Padel is een mix van tennis en squash en wordt gespeeld met vier personen op een rechthoekig veld. Een padelbaan is 10 meter breed en 20 meter lang en is omringd door wanden. In bijna alle gevallen zijn de wanden een combinatie van glas en een hekwerk. Padel speel je met een padel racket en een padelbal. Tijdens het spel zijn de wanden onderdeel van het spel. Aangezien de wanden kunnen worden gebruikt is kracht minder belangrijk bij padel. Dit houdt in dat deze sport door iedereen te spelen is en doordat het met 4 personen wordt gespeeld, is padel ook nog eens een zeer sociale sport. De puntentelling is gelijk aan de puntentelling van tennis (15, 30, 40, deuce, advantage en game) en is vaak best of 3 sets.
Verrassend
Bij padel gaat de bal elke keer weer net anders dan je verwacht. In de kooi moet je op alles voorbereid zijn. De bal gaat telkens weer anders, en net als je denkt verslagen te zijn, krijg je onverwacht toch weer een tweede kans, bijvoorbeeld door hulp van de wanden. Maar ook het hekwerk van de kooi doet mee in het spel en je mag zelfs helemaal buiten de kooi de bal nog terugspelen. In iedere wedstrijd zitten altijd ook lange en spectaculaire rally’s. Oftewel: Expect the Unexpected!
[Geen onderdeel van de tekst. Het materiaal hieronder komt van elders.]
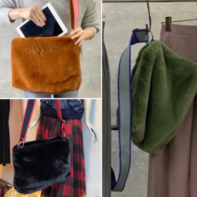 フワフワフェイクファーのショルダーバック💕 とっても肌触りの良いフェイクファーのショルダーバックはいかがでしょうか? 配色の持ち手がカラフルでとってもキュートなバックです😍 A4ファイルやノート型パソコンも入っちゃうからとっても便利💕💕💕 ブラック、ブラウン、カーキの3カラーで入荷しました🙌 ショルダーバック 8900円⭐️⭐️⭐️ 2020年10月6日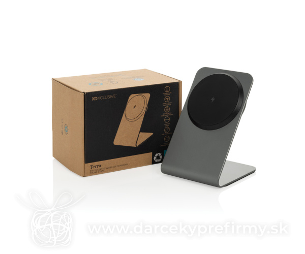 Terra hliníkový stojan na tel. s bezdrôt. nabíjaním 15W Terra hliníkový stojan na telefón s magnetickým bezdrôtovým nabíjaním s výkonom 15W nanovo definuje sofistikovanosť a výkon. Vďaka pokročilému magnetickému systému poskytuje výkon 15W a pevné držanie vášho zariadenia. S 15 presnými magnetmi zaisťuje bezchybné zarovnanie pre efektívne nabíjanie, či už horizontálne alebo vertikálne. Silikónové podložky na spodnej strane zvyšujú stabilitu a vstavaný indikátor nabíjania mu dodáva nenápadnú eleganciu. Stojan Terra je vyrobený z recyklovaného hliníka s certifikáciou RCS a AVS, kombinuje rafinovaný dizajn s nízkym dopadom. RCS (Recycled Claim Standard) overuje recyklovaný obsah v celom dodávateľskom reťazci. Vyrobené zo 68 % recyklovaného obsahu na základe hmotnosti položky. Je úplne bez PVC a je zabalený v kraftovej krabici s certifikátom FSC, čo posilňuje jeho ekologický prístup. Stojan obsahuje 120 cm dlhý kábel USB-C na USB-C vyrobený z recyklovaného TPE s certifikáciou RCS. Vstup USB-C: 9V/2,22A. 18,55 € (bez DPH) Rýchla objednávka Chcem poradiť Dostupnosť: Skladom do 48hod. 6822 ks Rozmery: 6,9 x 7,8 x 10,4 cm Materiál: Recyklovaná hliníková zliatina, Recyklovaná ABS Váha: 118g Potlač: tento predmet vieme potlačiť Vaším logom. Ohľadne ceny a technológie potlače, vrátane grafického návrhu s Vaším logom/textom nám prosím pošlite dopyt na info@darcekyprefirmy.sk Polia označené * sú povinné a musia byť vyplnené. Meno a Priezvisko (povinné pole) Firma (povinné pole) Email (povinné pole) Telefón Predpokladané odberné množstvo Správa (povinné pole) Odoslaním formulára súhlasíte so spracovaním osobných údajov Odoslať Odoslať Polia označené * sú povinné a musia byť vyplnené. Meno a Priezvisko (povinné pole) Firma (povinné pole) Email (povinné pole) Telefón Správa (povinné pole) Odoslaním formulára súhlasíte so spracovaním osobných údajov Odoslať Odoslať Mohlo by vás zaujímať Predchádzajúci slajd Následujúci slajd Nabíjacia podložka 3v1 15W Magnapad z RCS recykl. plastu 16,06 € (cena bez DPH) BLOCK - Bezdrátová nabíječka 15 W 16,43 € (cena bez DPH) ORIO - Skládací nabíjací stanice 15,23 € (cena bez DPH)

Is padel moeilijker dan tennis?
Padel is gemakkelijker te spelen en te leren dan tennis omdat er minder fysieke kracht en technische capaciteiten worden gevraagd en er een fantastische combinatie is tussen je tot het uiterste uitgedaagde brein en je lichaam dat veel moet bewegen, maar niet per se zo nauwkeurig als bij tennis Het vereist veel minder vaardigheid en conditie dan tennissen, terwijl het toch een zeer intensieve sport is en makkelijker voor de gewrichten, omdat het niet nodig is om snel te serveren of veel sprints en plotselinge stops te maken. Het wordt ook alleen in het dubbelspel gespeeld, dus is het erg sociaal.